### What to do
Give back each record precisely, pictures excluded.

/---

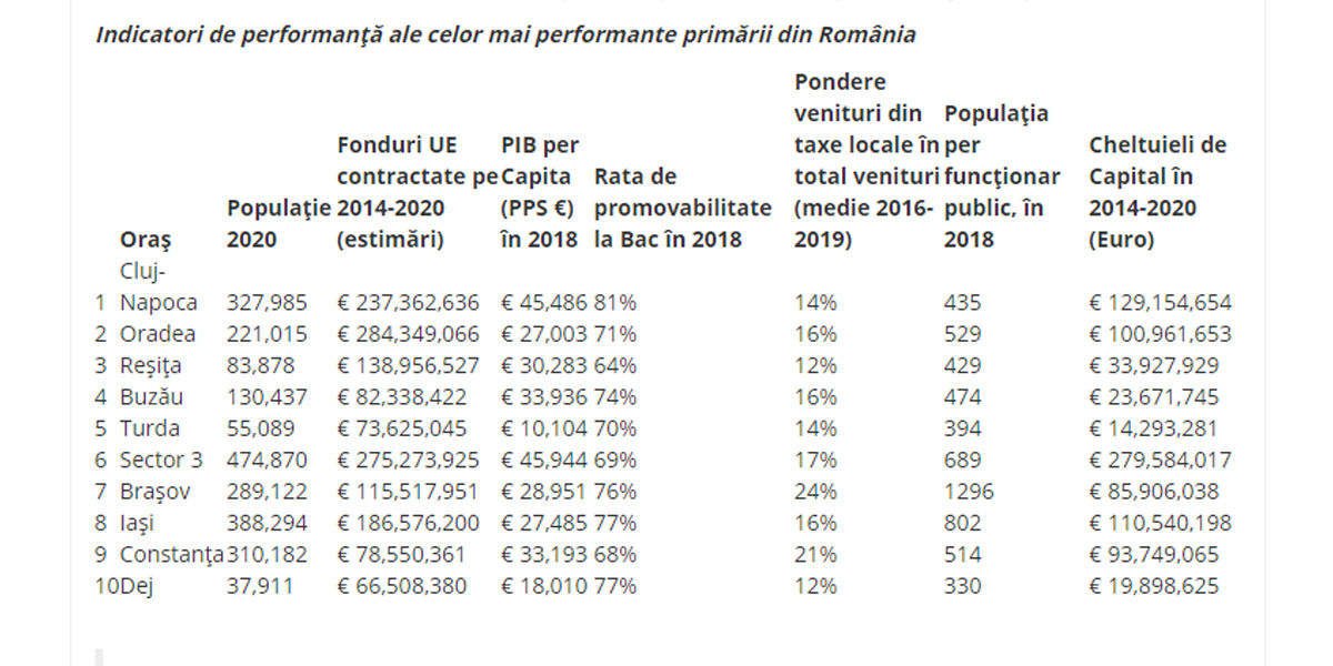Top realizat de către specialiștii de la UrbanizeHub, și care scoate în evidență performanța administrațiilor locale, s-a bazat în principal pe capacitatea administrațiilor locale de a mobiliza fonduri europene. Alte criterii luate în calcul au fost PIB-ul pe cap de locuitor, rezultatele școlare la examenele naționale, numărul angajaților din primării raportat la populație, cheltuielile de capital, dar și ponderea veniturilor din taxe locale în totalul veniturilor.
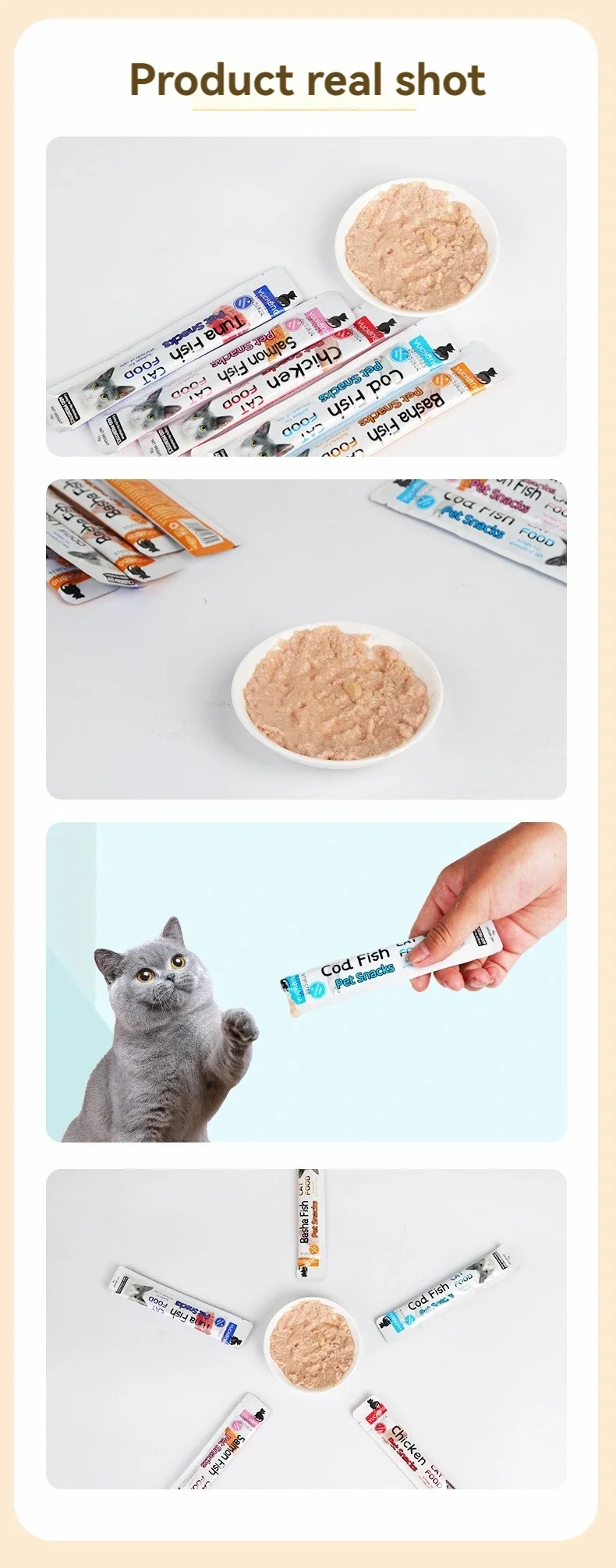 15g*100 Large Capacity Pet Food Cat Snacks Cat Wet Creamy Strips Tuna Salmon Chicken Pet Wet Food
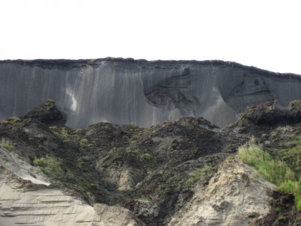 Image: Outcrop of Yedoma sediments with the thick ice masses underlain by river sediments exposed on an arm of the Lena River in the river delta. (Copyright: Janet Rethemeyer)
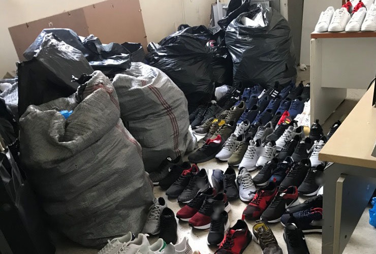 Η αστυνομία βρήκε και κατάσχεσε πάνω από 500 ζευγάρια αθλητικών υποδημάτων.
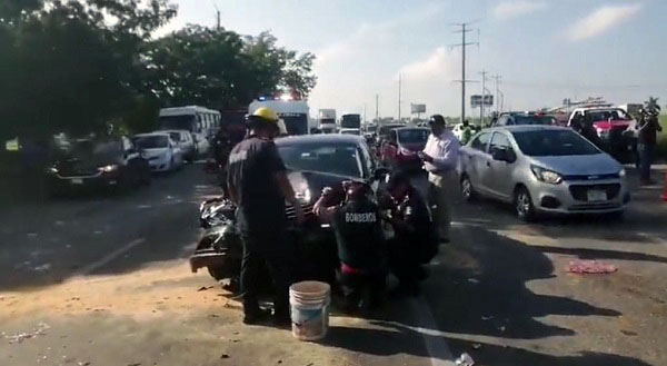 De acuerdo a los primeros reportes indican que el guiador de un tráiler se intentaba maniobrando para ingresar a un negocio ubicado en esa zona, lo que provocó que el conductor de un Versa diera el frenón para evitar estamparse por alcance contra la pesada unidad, pero otro vehículo tipo Vento no alcanzó a frenar y sobrevino el impacto, y de manera sucesiva una camioneta Chevy completó la carambola.
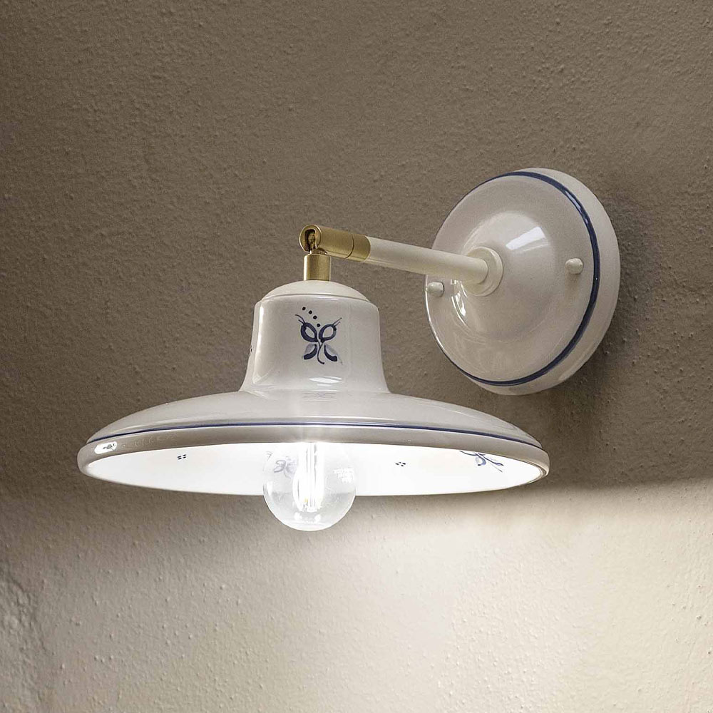 Handverzierte Wandlampe aus Eisen und Keramik, hergestellt in Italien von Ferroluce.

\---

### The answer
Top realizat de către specialiștii de la UrbanizeHub, și care scoate în evidență performanța administrațiilor locale, s-a bazat în principal pe capacitatea administrațiilor locale de a mobiliza fonduri europene. Alte criterii luate în calcul au fost PIB-ul pe cap de locuitor, rezultatele școlare la examenele naționale, numărul angajaților din primării raportat la populație, cheltuielile de capital, dar și ponderea veniturilor din taxe locale în totalul veniturilor.
 15g*100 Large Capacity Pet Food Cat Snacks Cat Wet Creamy Strips Tuna Salmon Chicken Pet Wet Food
 Image: Outcrop of Yedoma sediments with the thick ice masses underlain by river sediments exposed on an arm of the Lena River in the river delta. (Copyright: Janet Rethemeyer)
 Η αστυνομία βρήκε και κατάσχεσε πάνω από 500 ζευγάρια αθλητικών υποδημάτων.
 De acuerdo a los primeros reportes indican que el guiador de un tráiler se intentaba maniobrando para ingresar a un negocio ubicado en esa zona, lo que provocó que el conductor de un Versa diera el frenón para evitar estamparse por alcance contra la pesada unidad, pero otro vehículo tipo Vento no alcanzó a frenar y sobrevino el impacto, y de manera sucesiva una camioneta Chevy completó la carambola.
 Handverzierte Wandlampe aus Eisen und Keramik, hergestellt in Italien von Ferroluce.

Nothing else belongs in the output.